Autism features vary considerably from one person to the next. One of the biggest challenges in autism research is to break down the autism spectrum into subtypes, each characterized by a distinct set of biological mechanisms that we can target with specific treatments.
Autism’s strong heritability has prompted some researchers to use genetic screening to identify subtypes of the condition. Studies have identified dozens of genes that, when mutated, increase the risk of autism. However, making biological sense of the many seemingly unrelated genetic variants associated with autism has proven difficult.
Under the assumption that autism features reflect an alteration in brain activity, my team is trying to identify brain-circuit alterations that result from autism mutations.
We know that many brain circuits are evolutionarily conserved across rodents and people1,2. So, our strategy is to map brain connectivity in mice that have different mutations linked to autism and then to treat each map as a piece of a large tiling puzzle.
By mapping the effects of a sufficiently large number of mutations, we are starting to discover shared alterations in brain circuitry. These commonalities enable us to make sense of the diverse genetic underpinnings of autism and identify meaningful subtypes of the condition.

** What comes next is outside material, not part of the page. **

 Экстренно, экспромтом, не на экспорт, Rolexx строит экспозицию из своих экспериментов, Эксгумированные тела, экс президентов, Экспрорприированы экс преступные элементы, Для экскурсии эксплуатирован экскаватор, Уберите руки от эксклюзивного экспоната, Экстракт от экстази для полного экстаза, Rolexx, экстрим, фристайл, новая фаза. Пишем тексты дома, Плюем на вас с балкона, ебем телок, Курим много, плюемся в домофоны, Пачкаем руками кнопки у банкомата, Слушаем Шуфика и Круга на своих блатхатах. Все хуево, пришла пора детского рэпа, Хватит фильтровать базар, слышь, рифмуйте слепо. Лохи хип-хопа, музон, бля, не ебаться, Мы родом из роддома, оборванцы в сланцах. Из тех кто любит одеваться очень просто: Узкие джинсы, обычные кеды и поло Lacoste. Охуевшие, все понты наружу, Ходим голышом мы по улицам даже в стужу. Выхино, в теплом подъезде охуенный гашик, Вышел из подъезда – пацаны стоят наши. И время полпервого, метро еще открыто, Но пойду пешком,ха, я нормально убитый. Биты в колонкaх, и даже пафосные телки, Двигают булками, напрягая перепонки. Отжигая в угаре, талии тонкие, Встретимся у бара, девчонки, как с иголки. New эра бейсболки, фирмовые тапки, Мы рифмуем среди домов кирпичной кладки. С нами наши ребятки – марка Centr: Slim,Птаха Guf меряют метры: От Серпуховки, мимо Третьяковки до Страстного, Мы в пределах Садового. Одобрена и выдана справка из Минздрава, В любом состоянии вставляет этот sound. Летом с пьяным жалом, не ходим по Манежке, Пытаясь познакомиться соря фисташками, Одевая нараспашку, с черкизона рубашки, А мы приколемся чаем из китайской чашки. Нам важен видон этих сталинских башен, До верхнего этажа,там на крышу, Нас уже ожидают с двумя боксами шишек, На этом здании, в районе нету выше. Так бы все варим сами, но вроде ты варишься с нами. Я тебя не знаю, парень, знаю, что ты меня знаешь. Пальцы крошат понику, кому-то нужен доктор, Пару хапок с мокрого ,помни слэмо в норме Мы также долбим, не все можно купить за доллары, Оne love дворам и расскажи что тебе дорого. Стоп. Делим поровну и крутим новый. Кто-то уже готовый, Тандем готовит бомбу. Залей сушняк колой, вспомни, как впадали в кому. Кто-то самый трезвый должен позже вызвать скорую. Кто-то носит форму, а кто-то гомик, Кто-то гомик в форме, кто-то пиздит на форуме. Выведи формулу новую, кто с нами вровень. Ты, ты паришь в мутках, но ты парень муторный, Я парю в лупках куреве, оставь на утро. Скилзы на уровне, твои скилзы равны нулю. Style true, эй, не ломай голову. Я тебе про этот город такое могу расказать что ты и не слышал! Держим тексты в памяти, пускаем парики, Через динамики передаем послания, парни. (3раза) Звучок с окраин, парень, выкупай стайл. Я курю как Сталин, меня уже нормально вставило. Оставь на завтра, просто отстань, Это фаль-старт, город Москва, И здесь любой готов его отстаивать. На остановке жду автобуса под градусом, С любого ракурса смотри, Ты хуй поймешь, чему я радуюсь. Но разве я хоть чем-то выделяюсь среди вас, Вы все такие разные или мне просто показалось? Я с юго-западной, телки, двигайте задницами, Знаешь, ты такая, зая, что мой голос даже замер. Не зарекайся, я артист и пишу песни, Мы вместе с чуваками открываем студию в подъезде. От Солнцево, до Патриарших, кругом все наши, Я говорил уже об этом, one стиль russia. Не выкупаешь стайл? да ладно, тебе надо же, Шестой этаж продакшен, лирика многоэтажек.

We use functional magnetic resonance imaging (fMRI) to create maps of brain activity in sedated mice. Synchronous activity in two or more brain regions suggests the regions are connected in a circuit. By comparing brain scans from mutant and control mice, we can see which autism mutations affect common brain circuits. We can also investigate whether the alterations are present in people with autism who have the same mutation.

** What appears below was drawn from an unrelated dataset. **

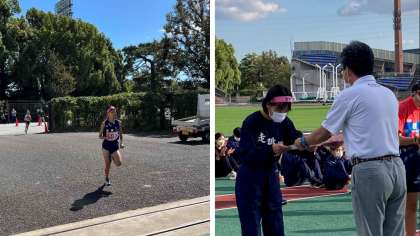今年度の駅伝チームは、「思いをつなぐ」「笑顔で明るい襷を」を目標にしてきました。当日、一人一人が思いをこめた襷をアンカーのキャプテンへつなぎ、笑顔で駅伝を終えることができました。これも日々支えてくださる周りの方々のお陰です。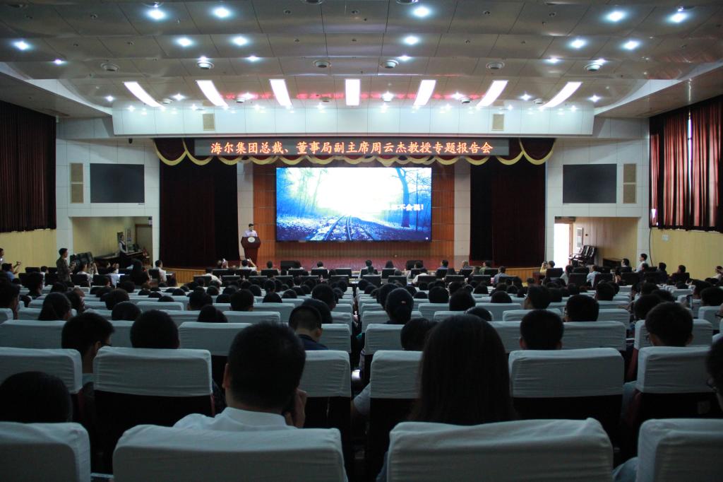 在互动环节,周云杰就“新兴市场的开拓”,“中美贸易战”,“海尔是海的概念如何面对时代的冲击”等问题与在场师生进行了深入交流。比如他认为面对颠覆,海尔已做好了准备,而张瑞敏先生也在致创客的一封信里提到海尔是云,海再大,仍有边际。云再小,可接万端。

In the past few years, we have mapped brain activity in mice lacking CNTNAP2 or SHANK3, two top candidate genes for autism3. These animals show repetitive behaviors and are less responsive to certain social cues than typical mice are. The molecular pathology associated with mutations in these genes has also been thoroughly investigated, enabling us to relate abnormal brain activity to specific changes in brain anatomy or neuron function.
We see similar circuit alterations in both sets of mice. The alterations affect the connectivity of a region called the prefrontal cortex. This region is critical for social recognition and cognitive functions, such as the ability to cope with novel experiences. Reduced communication between the prefrontal cortex and its long-distance targets could explain the autism-like behaviors observed in these mice.

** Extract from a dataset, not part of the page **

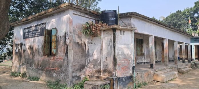 ভবনের পলেস্তরা খুলে পড়ছে অন্তত সাত বছর থেকে। চাপে বাঁকা হয়ে গেছে জানালা-দরজা। খুলেও গেছে কয়েকটা। সেই ভবনেই ঝুঁকি নিয়ে শিক্ষার্থীদের চলত পাঠদান।

We also see these alterations in mice missing a stretch of DNA on chromosome 16 known as 16p11.2 — another major genetic risk factor for autism. Our brain-mapping approach closely reproduces observations made in people. Earlier this year, we showed that both mice and people with a 16p11.2 deletion show underconnectivity involving the prefrontal cortex4. These similarities suggest that the circuit alterations in people with autism involve physiological impairments that researchers can model in mice and map with fMRI.
In 16p11.2 mice, we found altered wiring and communication between the prefrontal cortex and a deep brain region called the thalamus. We made this observation using an invasive viral tracing technique rather than fMRI. This finding provides a plausible mechanism for the desynchronization of prefrontal cortex areas arising from the 16p11.2 deletion.
The observation that three genetic mouse models of autism have a shared alteration in brain circuity suggests we can cut through the heterogeneity of autism to identify meaningful subtypes.
To investigate the effects of other mutations linked to autism, we collaborated with Nicole Wenderoth’s team at ETH Zurich in Switzerland. Together, we plan to produce a database of fMRI maps from more than 20 mouse strains, each with a distinct mutation. We map all of the scans in our database under similar experimental conditions, permitting a direct comparison between activity maps.
As we analyze the dataset, we are finding additional cross-mutation convergences. For example, mutations in a group of genes that includes the chromatin remodeling factor CHD8 appear to result in overconnectivity between brain regions important for sensory processing5.
Other mutations, such as those in the fragile X syndrome gene FMR1, decrease communication between the same areas6. Both groups of mutant mice appear to exhibit normal connectivity between the prefrontal cortex and other brain regions.
By combining and comparing these activity maps in a single database, we might be able to recreate the spectrum of brain connectivity changes in autism and identify autism subtypes characterized by common circuit alterations. Our approach offers a way to explain the clinical variability among people with autism.
Alessandro Gozzi is senior researcher at the Istituto Italiano di Tecnologia in Genova, Italy.